Per the maintainer's RFC multikernel#43 response on Q5 (let audit-only handlers opt down to Errno(EIO) or Continue), add a fourth exception policy discriminant for EIO. Python audit handlers idiomatically prefer EIO because it propagates as OSError rather than PermissionError, which is closer to what callers expect from a failed syscall. Reserves discriminant 3 (after KILL=0, DENY_EPERM=1, CONTINUE=2 to preserve ABI stability with the merged Handler C ABI).

Discriminated dataclass mirroring sandlock_action_out_t. Constructed via classmethod factories. Discriminant values match the C-side SANDLOCK_ACTION_* constants 1:1 so the trampoline (a later task) can translate directly.

Default exception policy is KILL (fail-closed) per RFC multikernel#43 Q5 = D. Subclasses can override via class attribute. ExceptionPolicy enum discriminants are stable across the C ABI (KILL=0, DENY_EPERM=1, CONTINUE=2, DENY_EIO=3).

Read-only snapshot of the seccomp notification plus an opaque mem handle for child-memory access. The read_cstr/read/write methods short-circuit to a falsy result when no mem handle is present (test contexts); the real accessors are deferred to the ctypes glue module.

ctypes bindings for the merged Handler C ABI. The trampoline dispatches via an integer-id registry lookup, relies on ctypes' implicit GIL acquisition for CFUNCTYPE callbacks, checks Py_IsInitialized() defensively, catches handler exceptions (routing to the configured on_exception policy), and translates NotifAction into setter calls. Adds Sandbox.run_with_handlers and exports Handler/NotifAction/ HandlerCtx/ExceptionPolicy from the package root. Includes the RFC multikernel#43 audit smoke test counting SYS_openat interceptions.

Documents the four cross-cutting concerns from RFC multikernel#43: GIL contention, interpreter finalization, native crashes, and Tokio runtime reentrancy. Plus ownership rules for Handler instances and injected file descriptors, and a minimal copy-pasteable example.

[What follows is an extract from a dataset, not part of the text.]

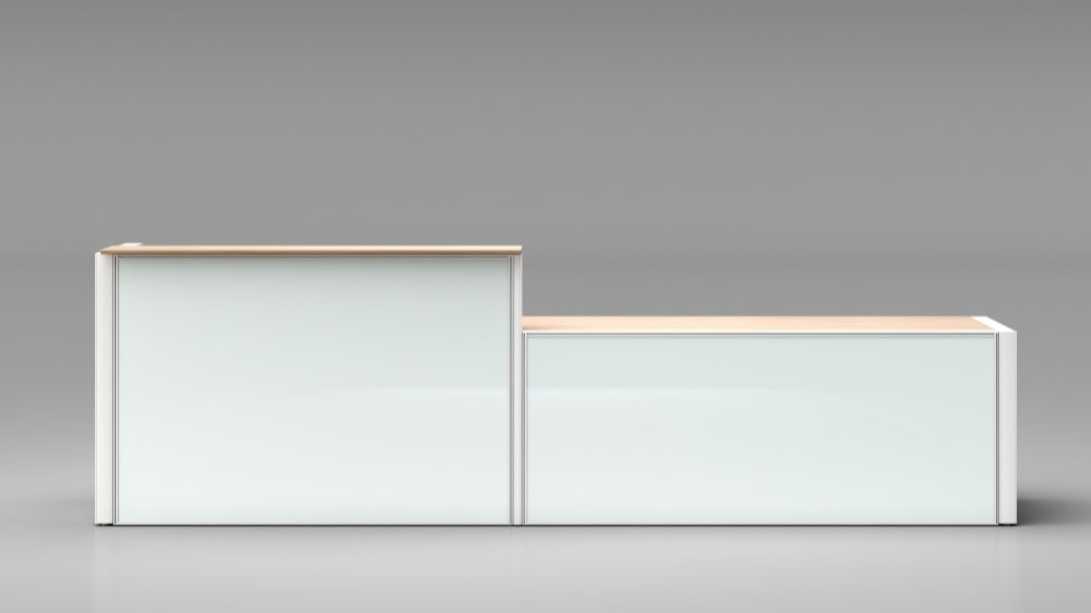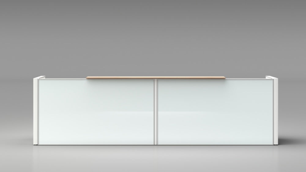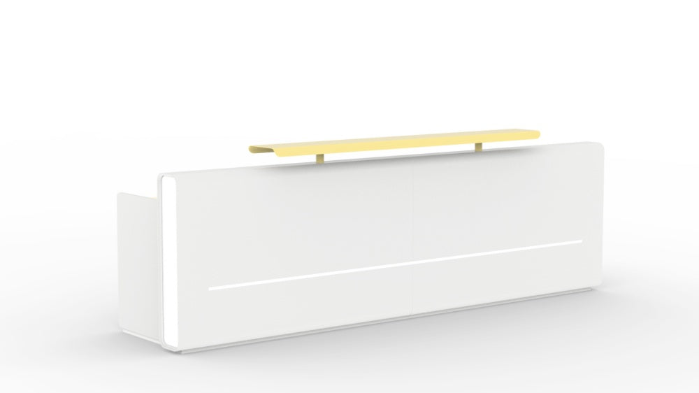 The 42-inch-high visitor shelf is also steel, laminated in over 30 RAL shades—from corporate navy to millennial blush—giving guests a firm, easy-clean surface for signing NDAs, filling forms or resting coffee cups. A 1/8-inch reveal lip prevents pens from rolling off and conceals discreet cable slots that feed down to the staff side for countertop tablets or POS systems.

The trampoline handed the raw sandlock_mem_handle_t* to HandlerCtx. That C struct is a stack local in the supervisor's spawn_blocking closure — it is freed the instant the callback returns. A handler that stored its HandlerCtx and called read/read_cstr/write afterwards dereferenced a dangling pointer (use-after-free). Wrap the handle in a mutable _MemHandle cell that the trampoline invalidates in a finally block. A retained HandlerCtx now fails safe (accessors return None/False) instead of dereferencing freed memory.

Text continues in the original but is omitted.